- Provided material
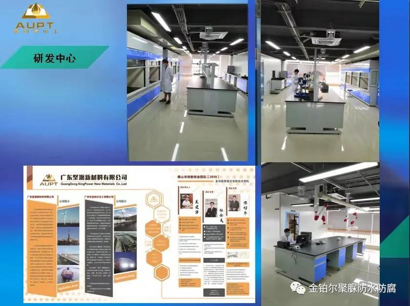 廣東堅派新材料有限公司是廣州市金鉑爾化工有限公司在廣東佛山高明區成立的研發子公司,是高明區首次引進的科技創新團隊專項資金資助項目承載單位。2020年在佛山市和高明區兩級政府科技創新專項資金的支持下,雙方在高明區共計投資4000萬元(政府資金1800萬元,自籌資金2200萬元)建立了專業研究第四代聚脲高分子材料的研發中心。引進國防973首席科學家吳建華教授海洋腐蝕研究團隊、張余英高工脂肪族聚脲研究團隊、暨南大學譚紹早教授石墨烯及微納米復合材料研究團隊,組成國內頂尖的基于改性脂肪族聚脲多功能智能防護涂層研究隊伍,依托廈門市海洋腐蝕與智能防護材料重點實驗室和暨南大學,專門研究第四代聚脲-氟硅改性脂肪族聚脲材料及其多功能智能化涂層,就當前石油石化、海洋環境、航空航天等極端嚴苛環境下的腐蝕防護難題進行攻關。是國內第四代聚脲的戰略研發平臺和重要生產基地。
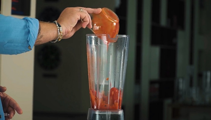 В блендер закладываем очищенные помидоры, зубчик чеснока, сладкий перец (предварительно запеченный без кожицы), перец, соль и немного оливкового масла. Пробиваем до однородности. -
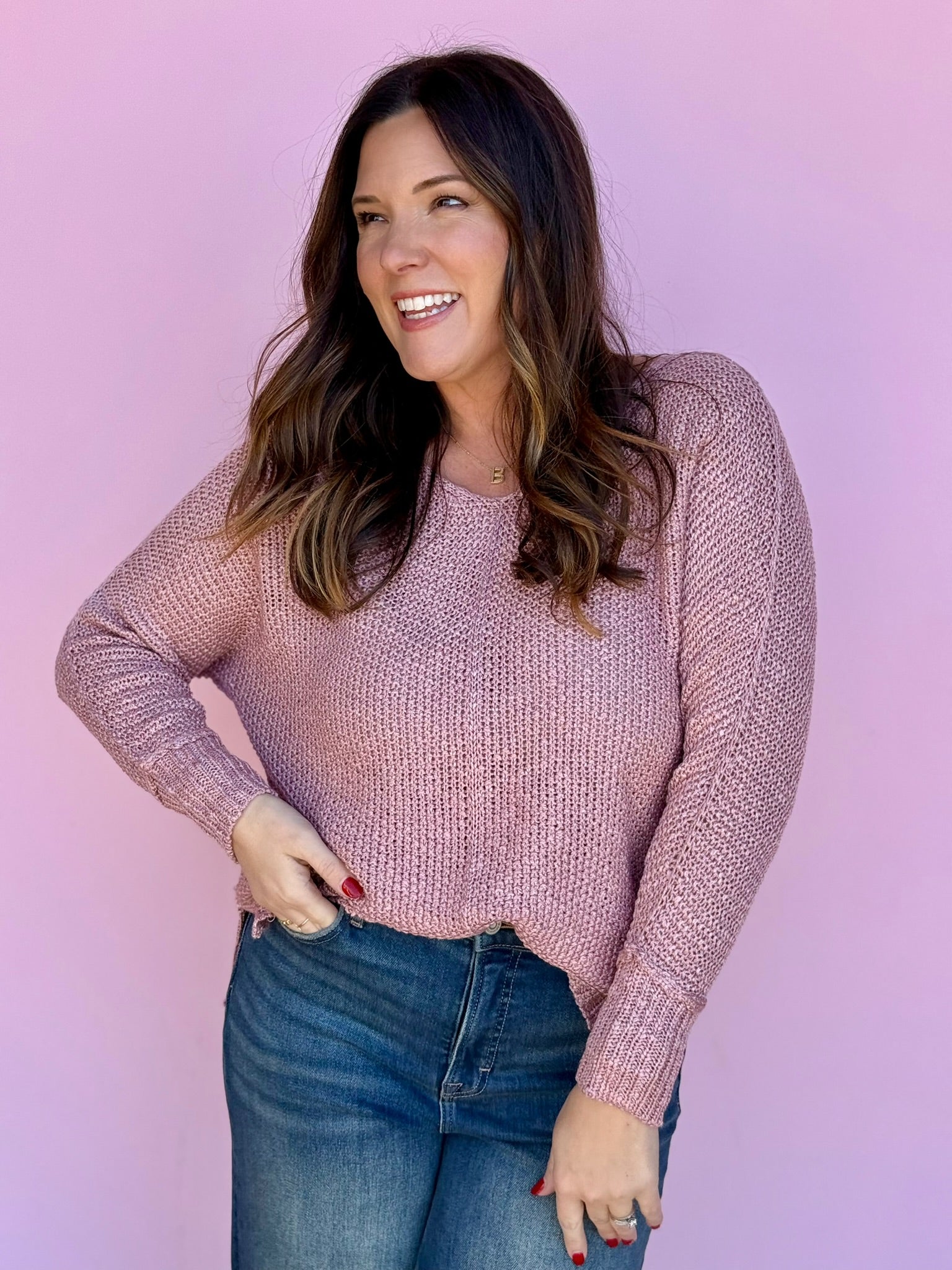Slip into effortless comfort with this mauve loose fit sweater that's anything but basic. Featuring reverse seams for a polished, inside-out aesthetic and a lightweight knit that won't weigh you down, it's the perfect layering piece for any season. The oversized silhouette drapes beautifully, while subtle side slits add just enough edge to keep things interesting. Cozy, cool, and ready for whatever your day throws at you.

- Exercise
All of the material above must be given again verbatim, except for the pictures.

- Your response
 廣東堅派新材料有限公司是廣州市金鉑爾化工有限公司在廣東佛山高明區成立的研發子公司,是高明區首次引進的科技創新團隊專項資金資助項目承載單位。2020年在佛山市和高明區兩級政府科技創新專項資金的支持下,雙方在高明區共計投資4000萬元(政府資金1800萬元,自籌資金2200萬元)建立了專業研究第四代聚脲高分子材料的研發中心。引進國防973首席科學家吳建華教授海洋腐蝕研究團隊、張余英高工脂肪族聚脲研究團隊、暨南大學譚紹早教授石墨烯及微納米復合材料研究團隊,組成國內頂尖的基于改性脂肪族聚脲多功能智能防護涂層研究隊伍,依托廈門市海洋腐蝕與智能防護材料重點實驗室和暨南大學,專門研究第四代聚脲-氟硅改性脂肪族聚脲材料及其多功能智能化涂層,就當前石油石化、海洋環境、航空航天等極端嚴苛環境下的腐蝕防護難題進行攻關。是國內第四代聚脲的戰略研發平臺和重要生產基地。
 В блендер закладываем очищенные помидоры, зубчик чеснока, сладкий перец (предварительно запеченный без кожицы), перец, соль и немного оливкового масла. Пробиваем до однородности. -
Slip into effortless comfort with this mauve loose fit sweater that's anything but basic. Featuring reverse seams for a polished, inside-out aesthetic and a lightweight knit that won't weigh you down, it's the perfect layering piece for any season. The oversized silhouette drapes beautifully, while subtle side slits add just enough edge to keep things interesting. Cozy, cool, and ready for whatever your day throws at you.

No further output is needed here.